═══ Record extracts ═══

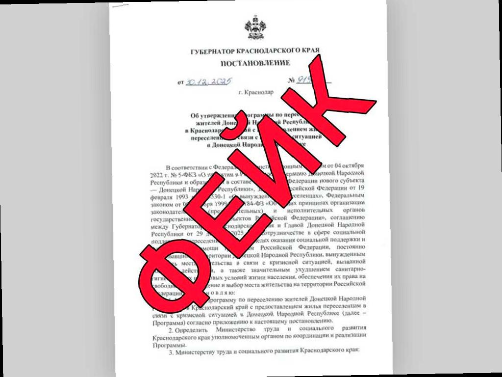 В оперативном штабе Краснодарского края сообщили о появлении фейковой новости. В интернете распространяется поддельное постановление губернатора о предоставлении жилья жителям ДНР на территории региона. По этому документу якобы в связи с кризисом в ДНР была утверждена программа переселения.
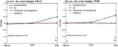 三江源地区是长江、黄河、澜沧江的发源地,被称为“亚洲水塔”,深入研究降水变化及其影响机制,对保障区域生态安全和下游地区社会经济的可持续发展具有重要的现实意义。观测数据显示三江源地区春季(3、4、5月)降水呈显著的增加趋势(图1a),这项工作从大气水量平衡的角度采用ERA5全球再分析数据和嵌入蒸散发追踪算法的WRF模式分析了大气水汽收支对三江源地区春季降水增加的影响。结果表明,再分析数据和WRF模式都显示大气水汽辐合主导三江源地区春季降水的变化(图2)。但由于对地形的解析精度不够,ERA5再分析数据对三江源地区春季降水存在明显高估(图1b),而高分辨率的WRF模式模拟的南边界水汽输入量明显低于再分析数据,降水模拟精度显著提高,证明高分辨率的区域气候模式(WRF)在复杂地形的区域水汽收支分析中具有很好的优势。
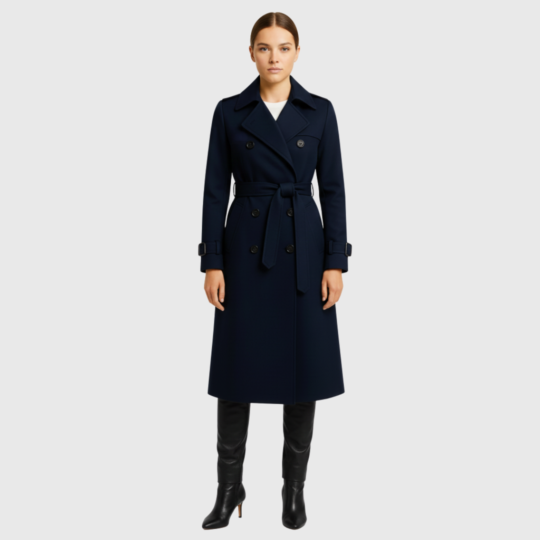 Women's Long Coat | Double-Breasted | With Belt
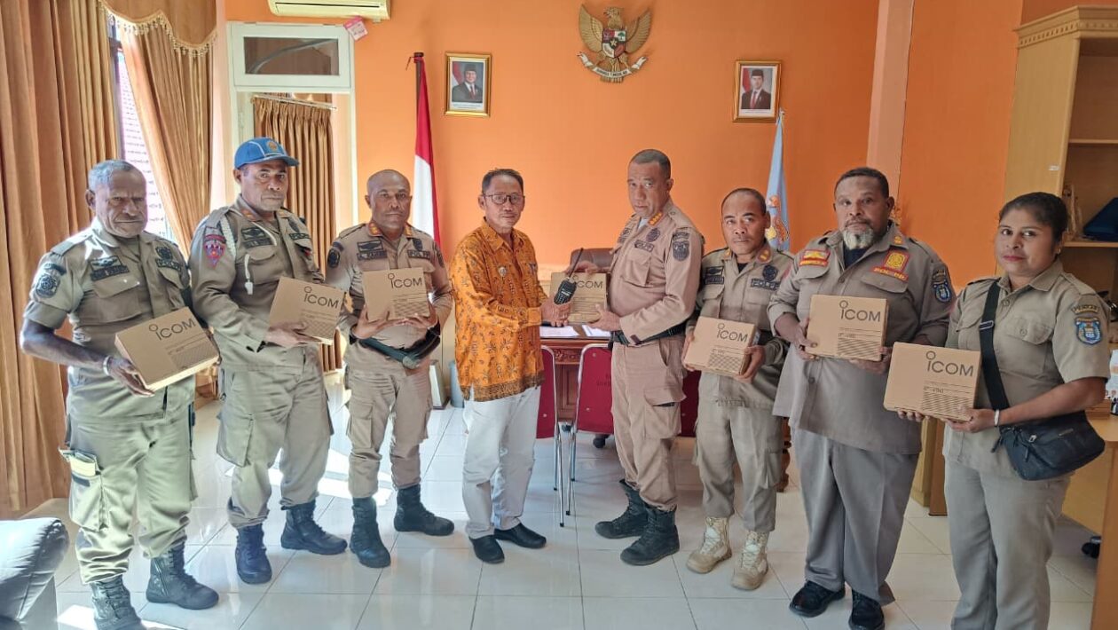 (pelitaekspres.com) – SERUI – Pemerintah Kabupaten Kepulauan Yapen kembali menunjukkan komitmennya dalam mendukung peningkatan kinerja aparat penegak peraturan daerah. Bentuk dukungan tersebut diwujudkan melalui penyerahan alat komunikasi Handy Talkie (HT) kepada Satuan Polisi Pamong Praja (Satpol PP) Kabupaten Kepulauan Yapen.
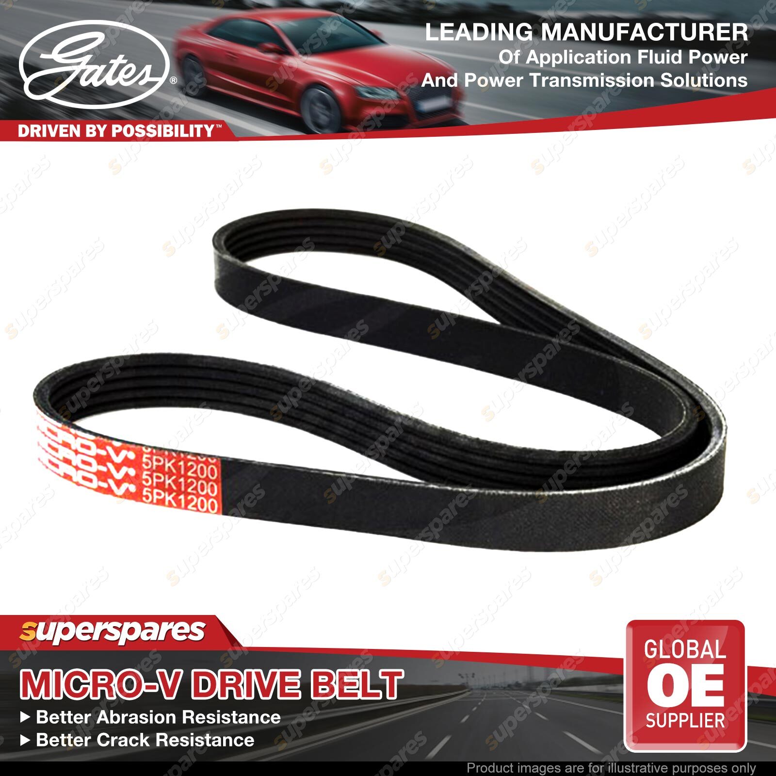 Gates Micro-V Ribbed Belts are an ideal replacement for original belts on serpentine drives and other multi-ribbed belt applications.Designed for small diameter pulleys, backside idlers, and for use with (or without) automotive tensioners.The advanced belt constructions used in these belts help to eliminate belt noise, reduce tension loss and solve problem drive applications.The special tensile members and fibre-loaded reinforcement of ribs used in Gates micro-v belts, aid in added wear and crack resistance. | ![]() |
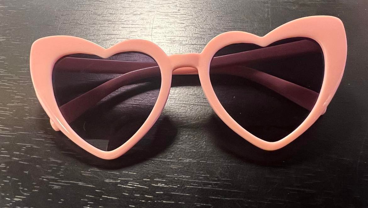 Playful heart-shaped retro glasses inspired by classic Surf Ballroom style. Perfect for photos, parties, and souvenirs.

═══

Every line from the one with "Gates Micro-V Ribbed" through the last line of the data must be copied exactly. Leave the pictures out.

**Answer:**
 Gates Micro-V Ribbed Belts are an ideal replacement for original belts on serpentine drives and other multi-ribbed belt applications.Designed for small diameter pulleys, backside idlers, and for use with (or without) automotive tensioners.The advanced belt constructions used in these belts help to eliminate belt noise, reduce tension loss and solve problem drive applications.The special tensile members and fibre-loaded reinforcement of ribs used in Gates micro-v belts, aid in added wear and crack resistance. | ![]() |
 Playful heart-shaped retro glasses inspired by classic Surf Ballroom style. Perfect for photos, parties, and souvenirs.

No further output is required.